I need not discuss at any length the deference that we are obliged to afford the Board in its interpretation and effectuation of the National Labor Relations Act. In my view, it is reasonable to presume as the Board did that purely “anticipatory” photographing of concerted activities tends to coerce as that term is used in the Act.

However, I agree with the Board that the company failed to establish a justification for the taking of pictures in these circumstances. It is clear in this case that United States Steel had no reason to believe that any unlawful conduct was occurring. I therefore think it was proper for the Board to conclude that the company’s conduct was an unfair labor practice under § 8(a)(1). I would affirm the Board’s order.

Certainly, some picture-taking is, at times, justified.

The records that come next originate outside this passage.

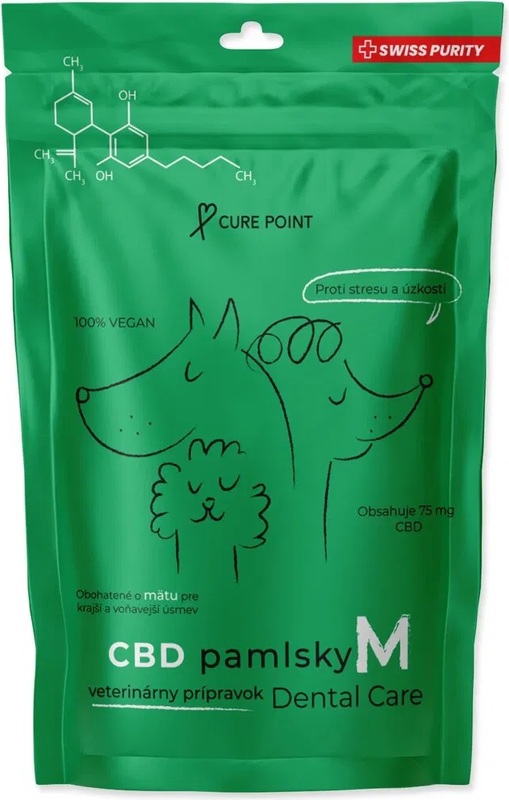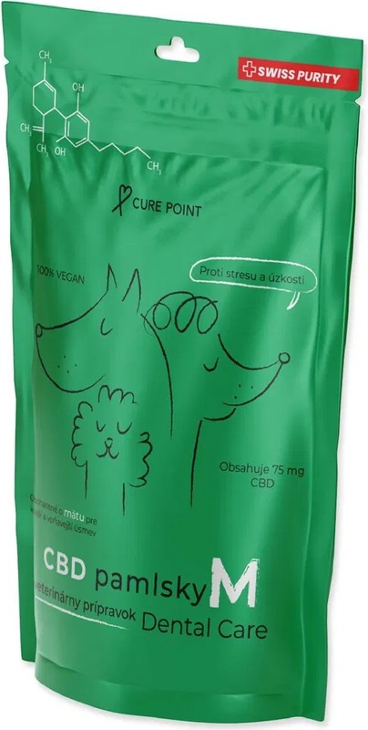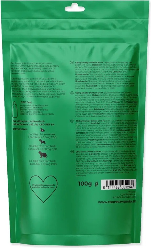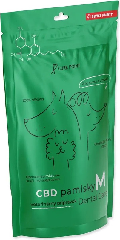 Veterinárny prípravok pre psy od 10kg do 35kg s obsahom účinnej látky CBD (Canabidiol). Prípravok je obohatený o mätu, ktorá má antiseptický účinok a osviežuje dych psa. Mäta tiež napomáha pri tráviacich ťažkostiach, bolestiach brucha a nevoľnosti.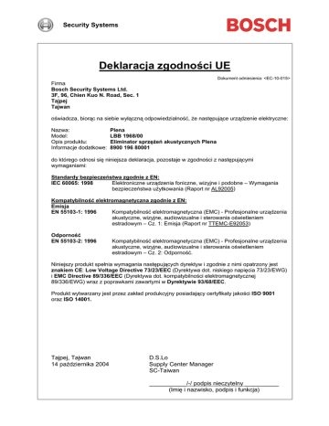 Security Systems Deklaracja zgodności UE Dokument odniesienia: <EC-10-015> Firma Bosch Security Systems Ltd. 3F, 96, Chien Kuo N. Road, Sec. 1 Tajpej Tajwan oświadcza, biorąc na siebie wyłączną odpowiedzialność, że następujące urządzenie elektryczne: Nazwa: Model: Opis produktu: Informacje dodatkowe: Plena LBB 1968/00 Eliminator sprzężeń akustycznych Plena 8900 196 80001 do którego odnosi się niniejsza deklaracja, pozostaje w zgodności z następującymi wymaganiami: Standardy bezpieczeństwa zgodnie z EN: IEC 60065: 1998 Elektroniczne urządzenia foniczne, wizyjne i podobne – Wymagania bezpieczeństwa użytkowania (Raport nr AL92005) Kompatybilność elektromagnetyczna zgodnie z EN: Emisja EN 55103-1: 1996 Kompatybilność elektromagnetyczna (EMC) - Profesjonalne urządzenia akustyczne, wizyjne, audiowizualne i sterowania oświetleniem estradowym – Cz. 1: Emisja (Raport nr TTEMC-E92053) Odporność EN 55103-2: 1996 Kompatybilność elektromagnetyczna (EMC) - Profesjonalne urządzenia akustyczne, wizyjne, audiowizualne i sterowania oświetleniem estradowym – Cz. 2: Odporność. Niniejszy produkt spełnia wymagania następujących dyrektyw i zgodnie z nimi opatrzony jest znakiem CE: Low Voltage Directive 73/23/EEC (Dyrektywa dot. niskiego napięcia 73/23/EWG) i EMC Directive 89/336/EEC (Dyrektywa dot. kompatybilności elektromagnetycznej 89/336/EWG) wraz z poprawkami zawartymi w Dyrektywie 93/68/EEC. Produkt wytwarzany jest przez zakład produkcyjny posiadający certyfikaty jakości ISO 9001 oraz ISO 14001. Tajpej, Tajwan 14 października 2004 D.S.Lo Supply Center Manager SC-Taiwan ___________/-/ podpis nieczytelny __________ (Imię i nazwisko, podpis i funkcja)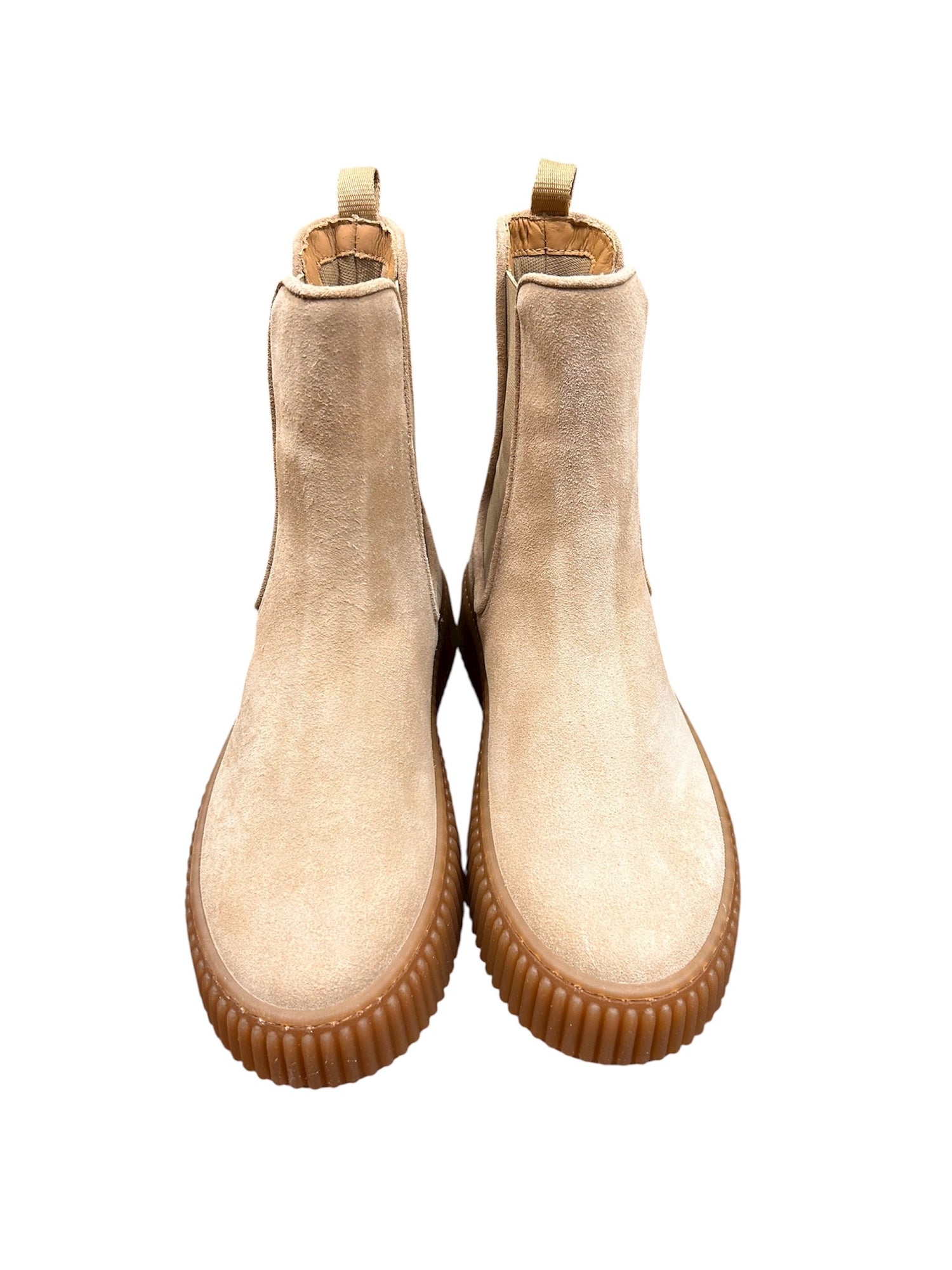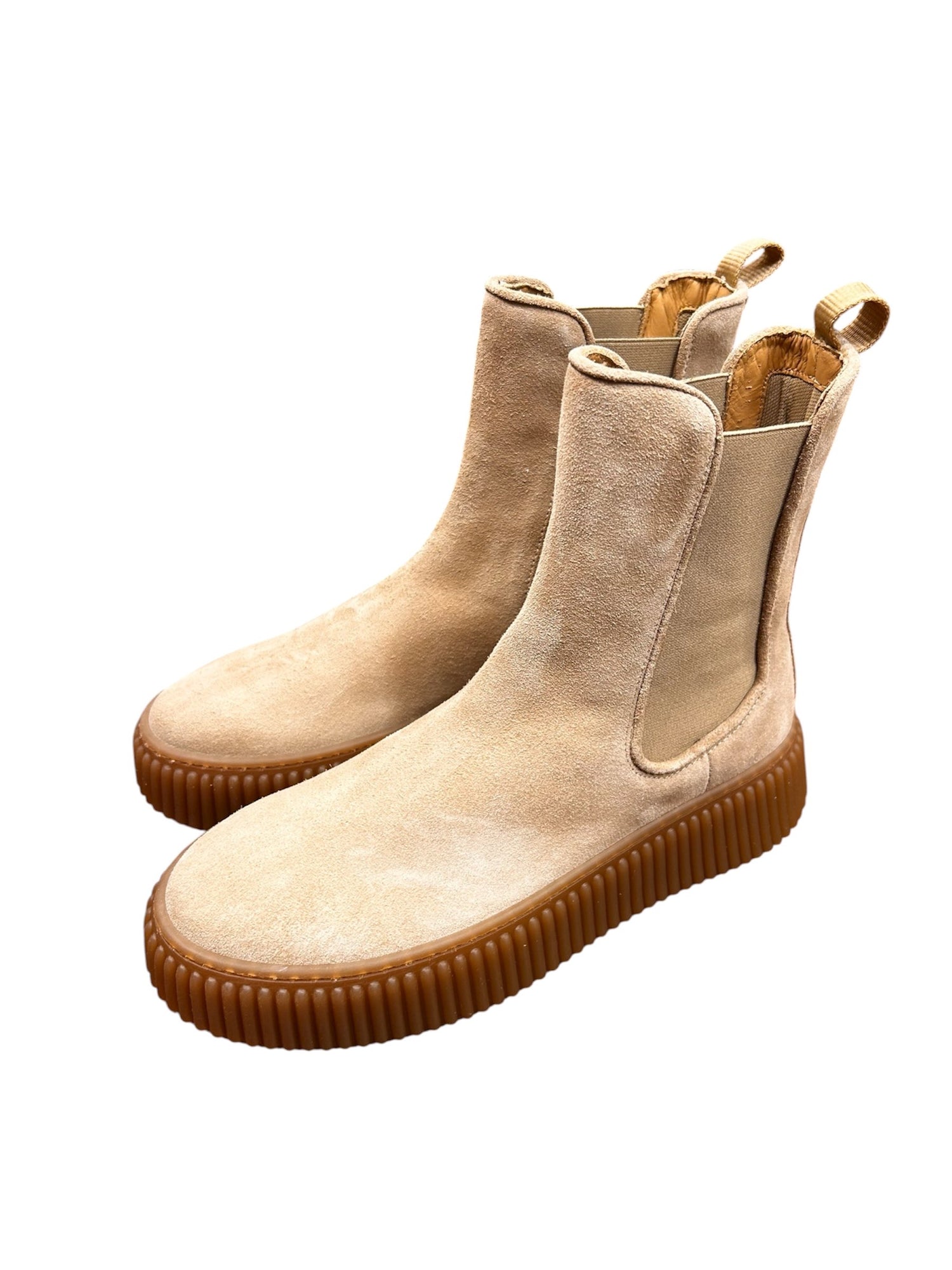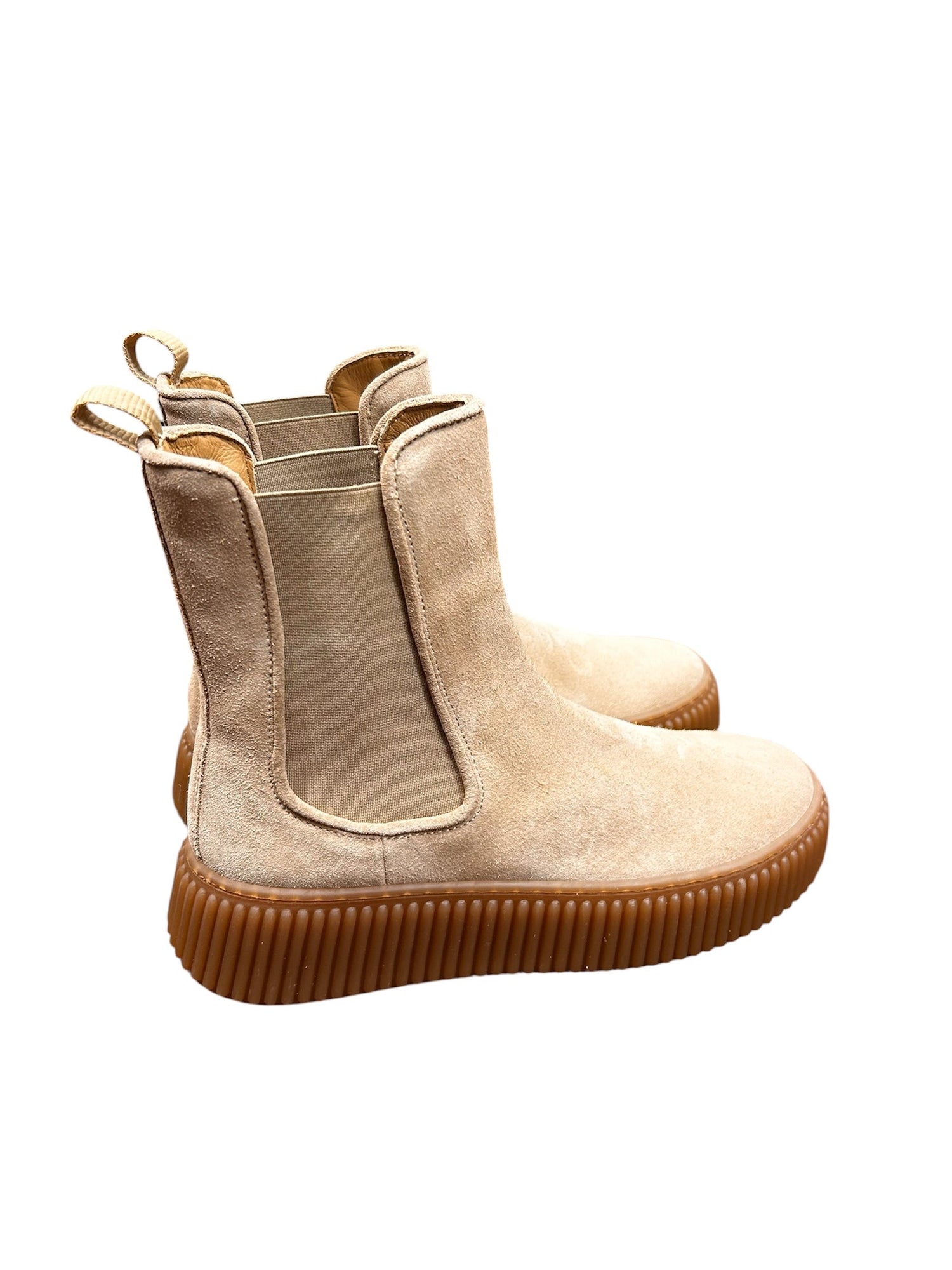 Lo stivale chelsea scamosciato antica cuoieria è realizzato in pelle di vitello scamosciata. Grazie agli elastici laterali, offre una vestibilità facile e veloce.
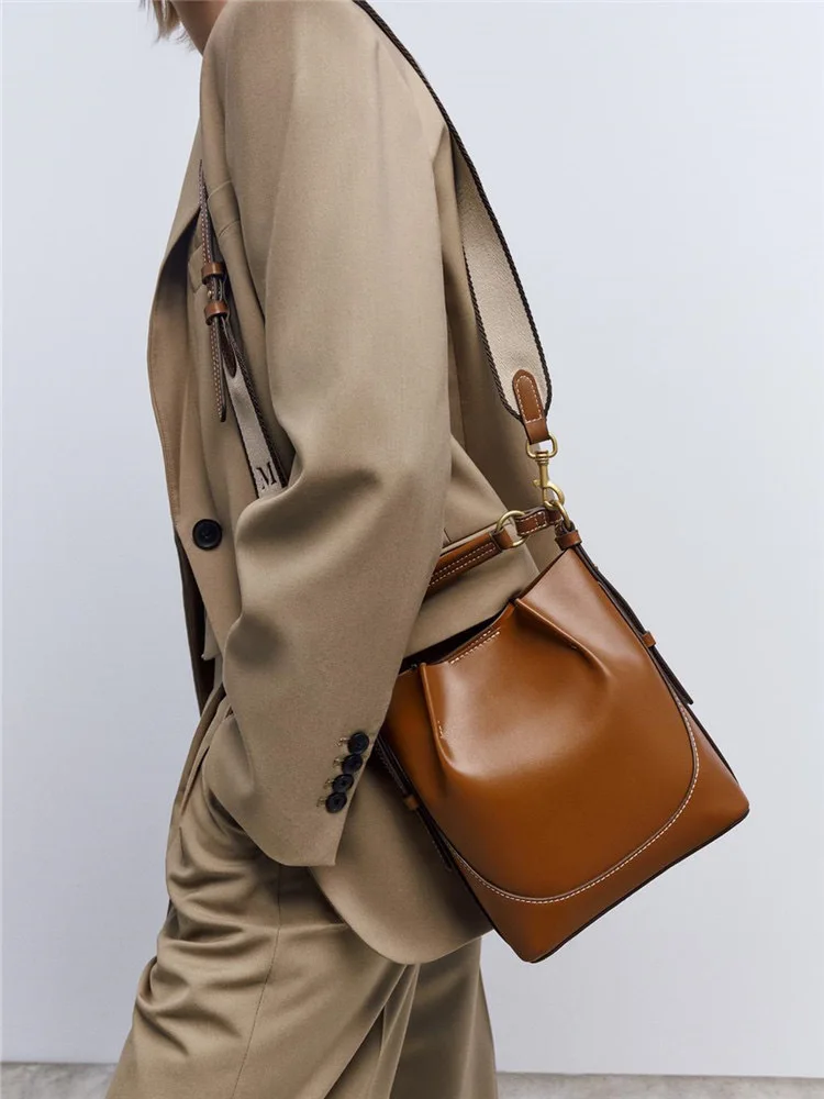 Women Bucket Shoulder Bag Crossbody Handbag Fashion Simplicity High-capacity Ladies PU Leather Bag Female Handbags 2024 New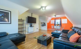 Huge luxury modern penthouse apartment in a quiet part of St. Ives. This two bedroom, two bathroom apartment sleeps 4 and boasts a massive 27ft living room with 2 large sofa's, a 20ft master bedroom with king sized bed and a large kitchen with all the essentials.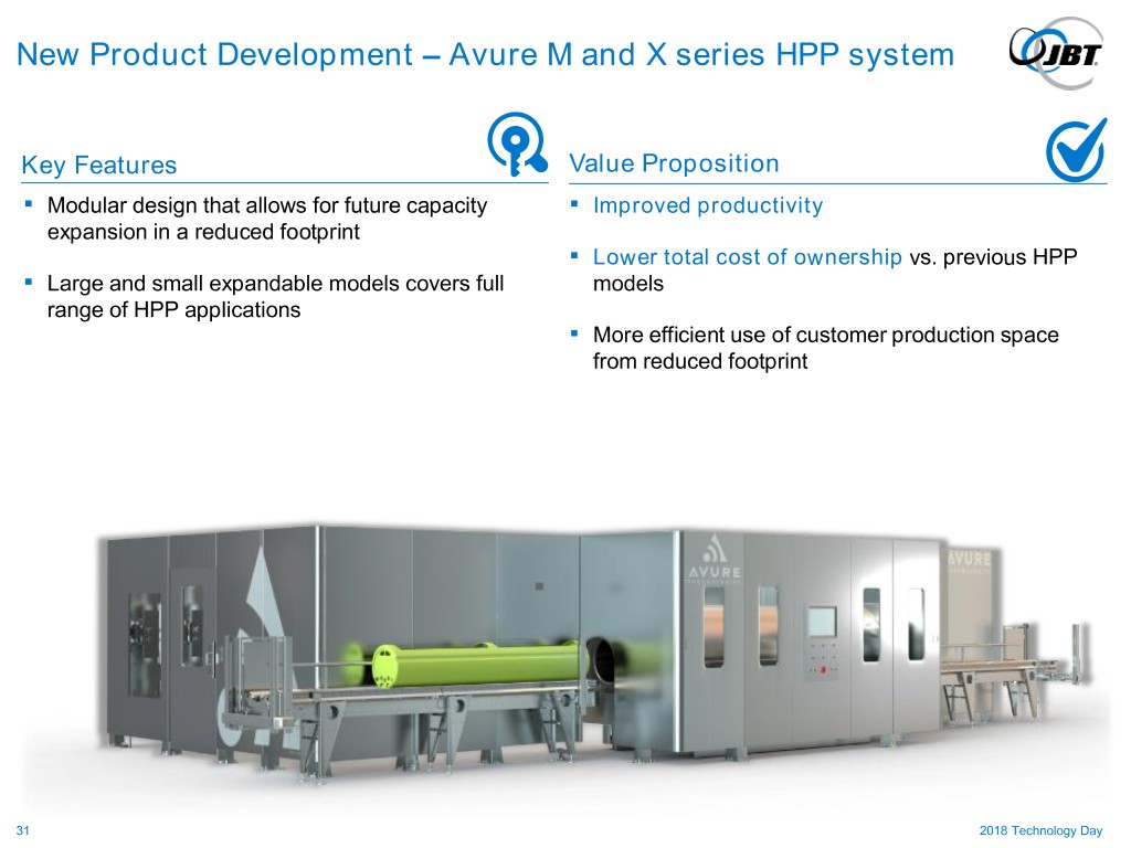 New Product Development – Avure M and X series HPP system Key Features Value Proposition ▪ Modular design that allows for future capacity ▪ Improved productivity expansion in a reduced footprint ▪ Lower total cost of ownership vs. previous HPP ▪ Large and small expandable models covers full models range of HPP applications ▪ More efficient use of customer production space from reduced footprint 31 2018 Technology Day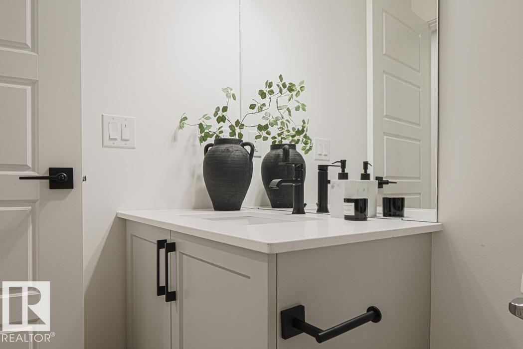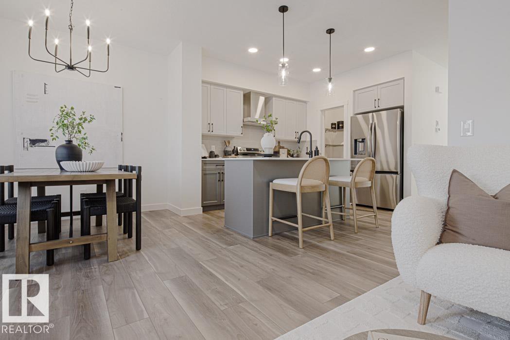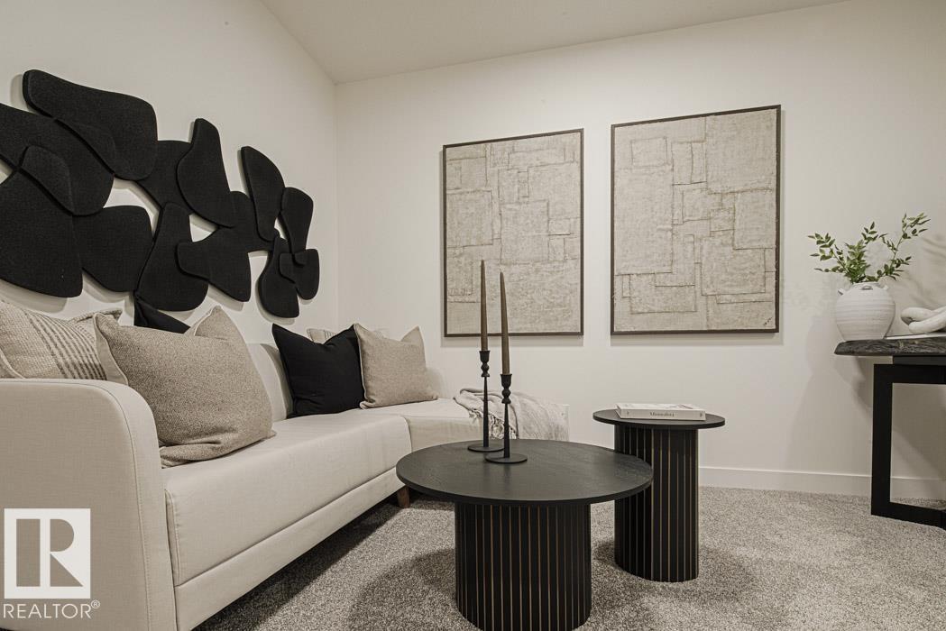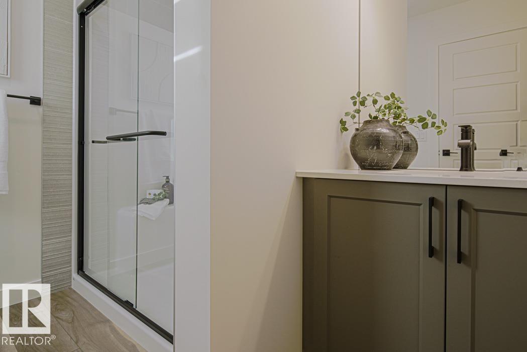 The Renew is a well-finished half duplex with a double attached garage with floor drain, separate side entrance, and 9 ft. ceilings on the main and basement levels. The open main floor features luxury vinyl plank flooring, a welcoming foyer with a coat closet, and a 2-piece bath. The kitchen offers a corner pantry, island with eating ledge, Silgranit undermount sink, built-in microwave, chimney hood fan, full-height backsplash, soft-close Thermofoil cabinets, and quartz counters. Large windows brighten the great room and nook with patio access. Upstairs includes a bonus room, laundry, two bedrooms, a full bath, and a primary suite with a walk-in closet and a 3-piece ensuite. (33871107)

Because litigation is so often a possibility in situations such as these, and because photographs are often the most useful records of what transpired, the company should be able to defend its conduct if it can show that it reasonably believed at the time it took the pictures that some form of unlawful conduct was occurring.2

. Interestingly, the employers in Republic Aviation argued that an unfair labor practice finding must be supported by “evidence before the Board to show that the rules and orders of the employers interfered with and discouraged union organization in the circumstances and situation of each company.” 324 U.S. at 798, 65 S.Ct. at 985. The Court specifically rejected such an approach, and upheld instead the Board’s presumption, a course which the majority in this case, by adopting an “existing circumstances” test, has chosen not to follow.

. The Seventh Circuit has upheld the Board’s right to place the burden on the employer to justify its actions in such situations:

We conclude that the Board may properly require a company to provide a solid justification for its resort to anticipatory photographing.

NLRB v. Colonial Haven Nursing Home, [MO 542 F.2d 691, 701 (7th Cir. 1976)].